Emerging growth company ☒
If an emerging growth
company, indicate by check mark if the registrant has elected not to use the extended transition period for complying with any new or
revised financial accounting standards provided pursuant to Section 13(a) of the Exchange Act.
Item 5.07 Submission of Matters to a Vote of Security Holders
On December 16, 2024, Slam
Corp. (“Slam” or the “Company”) convened and then adjourned until December 18, 2024, at 10:00 a.m.
Eastern Time, without conducting any other business, its extraordinary general meeting of its shareholders (the “Shareholder
Meeting”) relating to its previously announced proposed amendment to the Company’s
amended and restated memorandum and articles of association to (i) extend the date (the “Termination Date”) by which
Slam has to consummate a Business Combination (as defined below) from December 25, 2024 to March 25, 2025 (the “Articles
Extension Date”) and to allow the Company, without another shareholder vote, to elect to extend the Termination Date to consummate
a Business Combination on a monthly basis for up to three times by an additional one month each time after the Articles Extension Date,
by resolution of the board of directors of Slam, if requested by Slam Sponsor, LLC, a Cayman Islands limited liability company (the “Sponsor”),
and upon five days’ advance notice prior to the applicable Termination Date, until June 25, 2025 or a total of up to three
additional months after the Articles Extension Date, unless the closing of a Business Combination shall have occurred prior thereto
(the “Extension Amendment Proposal”), (ii) to permit for the issuance of Class A ordinary shares, par
value $0.0001 per share, (the “Class A Ordinary Shares” or the “Public
Shares”) to holders of the Company’s Class B ordinary shares, par value $0.0001 per share, (the
“Class B Ordinary Shares,” and together with the Class A Ordinary Shares, the “Ordinary Shares”),
upon the exercise of the right of a holder of the Class B Ordinary Shares to convert such holder’s Class B Ordinary Shares
into Class A Ordinary Shares on a one-for-one basis at any time and from time to time prior to the closing of an initial Business
Combination at the election of the holder (the “Founder Share Amendment Proposal”).
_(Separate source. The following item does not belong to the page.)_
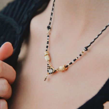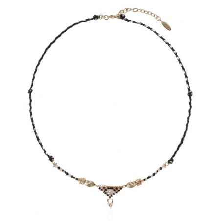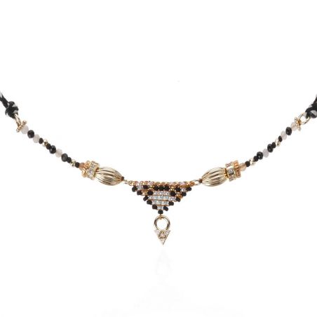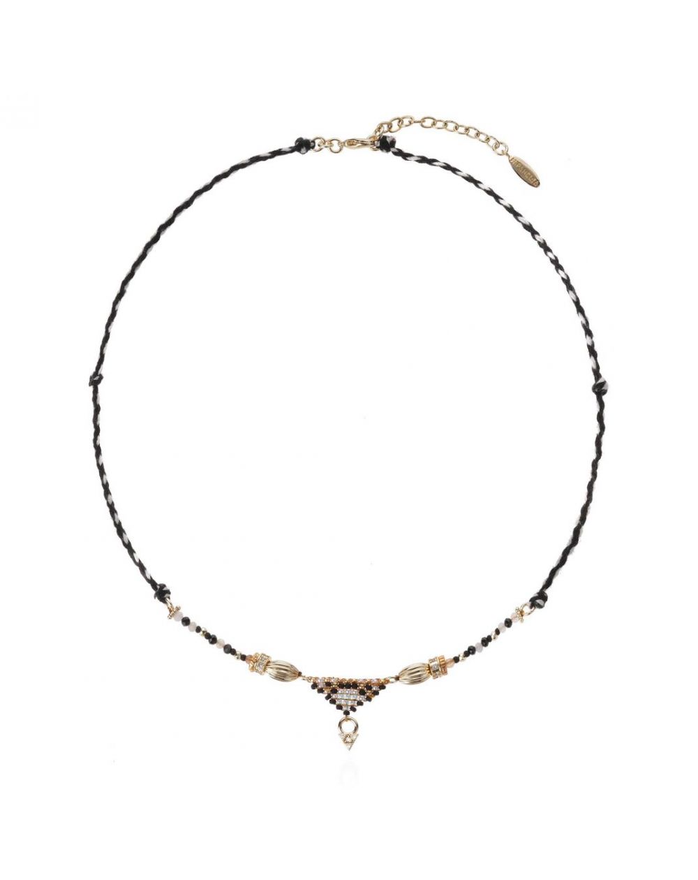 Gevlochten in zwart-wit katoen, onthult PARAISO in het midden een gouden driehoek omlijst met labradoriet- en onyxkralen . De ring met strasssteentjes geeft dit sieraad een vleugje sprankeling met zijn verfijnde en perfect uitgebalanceerde ontwerp.

The only proposal submitted
for a vote of the shareholders at the Shareholder Meeting was the approval of the adjournment proposal, which is described in greater
detail in Slam’s definitive proxy statement filed with the U.S. Securities and Exchange Commission on November 25, 2024.
The holders of 20,864,118
Ordinary Shares held of record as of November 20 2024, the record date for the Shareholder Meeting, were present in person or by proxy,
representing approximately 88.96% of the voting power of Slam as of the record date for the Shareholder Meeting, and constituting a quorum
for the transaction of business. The shareholders approved the Adjournment Proposal, as defined in the definitive proxy statement filed
with the U.S. Securities and Exchange Commission (the “SEC”) on November 25, 2024. The Shareholder Meeting has been
adjourned until December 18, 2024 at 10:00 a.m., Eastern Time.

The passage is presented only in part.